TOKYO (AP) — Asian stocks mostly surged on Friday after Wall Street’s winning streak reached a fourth day, buoyed by the latest signal that inflation may be easing.
Japan’s benchmark Nikkei 225 lost earlier gains, ending down 0.1% at 32,391.26. Australia’s S&P/ASX 200 rose 0.9% to 7,308.50. South Korea’s Kospi jumped 1.3% to 2,623.83. Hong Kong’s Hang Seng edged up 0.4% to 19,433.22, while the Shanghai Composite gained 0.1% to 3,240.96.
“Positive sentiment within Asian equity markets accelerated as investors welcomed slowing inflation,” ActivTrades’ Anderson Alves said in a commentary.
Market watchers are also eagerly awaiting regional data due next week, including consumer prices from Japan and GDP from China.
On Wall Street, the S&P 500 rose 0.8% to 4,510.04, its highest close since April 2022. The Dow Jones Industrial Average rose 0.1% to 34,395.14, and the composite Nasdaq rebounded 1.6% to 14,138.57 as Big Tech shares led the way.
The S&P 500 is on track for its seventh winning week in the past nine years after more data raised hopes that inflation would cool enough for the Federal Reserve to soon end its runaway streak of interest rate hikes. Wholesale inflation slowed more than expected in June, and prices paid by producers rose only 0.1% in the month from a year earlier. That’s down from inflation of 11.2% last summer.

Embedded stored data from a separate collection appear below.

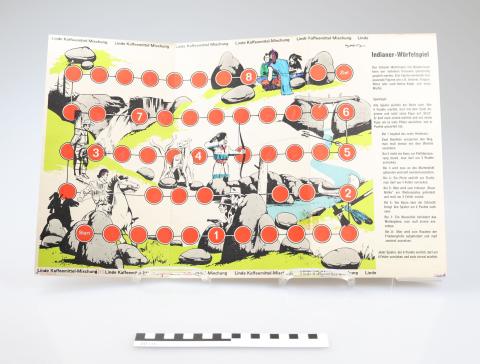 Indianer-Würfelspiel Dieses Spiel ist in folgenden Sprachen veröffentlicht: Deutsch Ludografische Angaben Verlage: LINDE Inventarnummer: 5033 Kategorien: Kaffee, Laufspiel, Werbespiel
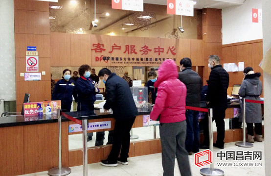 在东方环宇燃气客服部广场营业厅,市民排队缴费。昌吉日报记者 王薇 摄
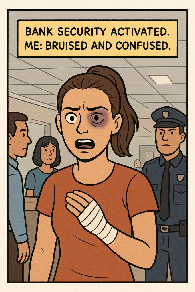 - After getting hit in the face one of these times, I need not have triggered bank security protocol upon trying to withdraw $200 with a black eye and athletic tape wrapped around my hand (because of a blister).

High inflation was the main reason investors feared a possible recession, as the Federal Reserve raised interest rates to keep prices in check. High rates have undermined inflation by sharply slowing the entire economy and affecting investment prices. They can also cause unforeseen parts of the economy to break down.

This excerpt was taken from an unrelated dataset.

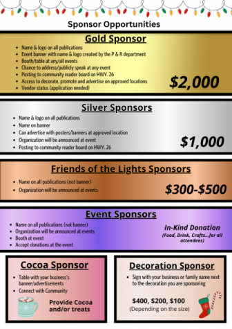 We are still accepting Gold, Silver and Friends of the Lights Sponsors. Your financial contribution helps the City of Sandy provide this popular event. To register as a sponsor fill out the Sponsor Application (downloadable at the bottom of this web-page) and return to the Sandy Community and Senior Center by October 10th, 2025. Please mark the paperwork with "Attn: Carol Cohen" and make checks payable to "City of Sandy".
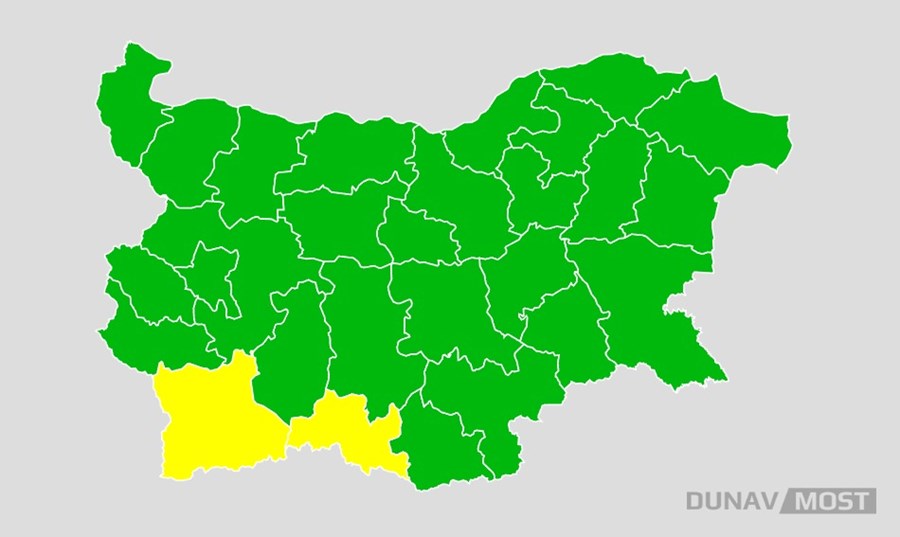 Националният институт по метеорология и хидрология (НИМХ) обяви жълт код за интензивни валежи в областите Благоевград и Смолян за утре, 9 декември. Предупреждението е издадено поради очакваните значителни количества валежи, които ще достигнат между 20 и 35 литра на квадратен метър.

Traders remain all but confident that the Fed will raise the fed funds rate at its next meeting in two weeks to its highest level since 2001. But this week’s inflation data has also prompted traders to place bets that this is the last rate increase of this cycle.
A report on Wednesday showed prices consumers paid in June were 3% higher than a year earlier, down from inflation of more than 9% last summer. It was a “cool summer breeze,” as Deutsche Bank economists describe it.
Easier interest rates favor all kinds of investments. But many investors see big tech and other high-growth stocks among the main beneficiaries.
That had Amazon, Alphabet and Nvidia among the strongest forces pushing the S&P 500 higher. Amazon gained 2.7% after saying the first day of its annual Prime Day event on Tuesday was the biggest day of sales ever. his history.
Alphabet rose 4.7% after Google announced it was rolling out Bard, its artificial intelligence-powered chatbot, to more countries around the world and launching new features for it.
Nvidia, which has been at the center of a Wall Street frenzy over AI, rose 4.7%.
A resilient labor market has kept the economy out of a recession, although too strong employment could prompt the Federal Reserve to become more aggressive in raising interest rates. A report on Thursday showed fewer workers applied for unemployment benefits last week than expected.
As inflation shows encouraging signals, Wall Street could build too quickly into a consensus that it will continue to cool enough for the Fed to ease rates and stave off a recession, senior research analyst Chun Wang warned. and co-portfolio manager at Leuthold.
In a report, Wang said the market may be underestimating the risk that inflation will remain stuck at 3% to 4% over the next six to 12 months and that “the way forward for inflation and Fed policy is not a no-brainer at all. We have a sneaky suspicion that the current soft landing narrative will be seriously challenged before the first leaf falls from the tree.
In energy trading, benchmark U.S. crude added 16 cents to $77.05 a barrel in electronic trading on the New York Mercantile Exchange. It took $1.14 on Thursday to $76.89 a barrel.
Brent, the international standard, rose 12 cents to $81.48 a barrel.
In currency trading, the US dollar fell slightly to 137.83 Japanese yen from 138.05 yen. The euro traded at $1.1222, down from $1.1228.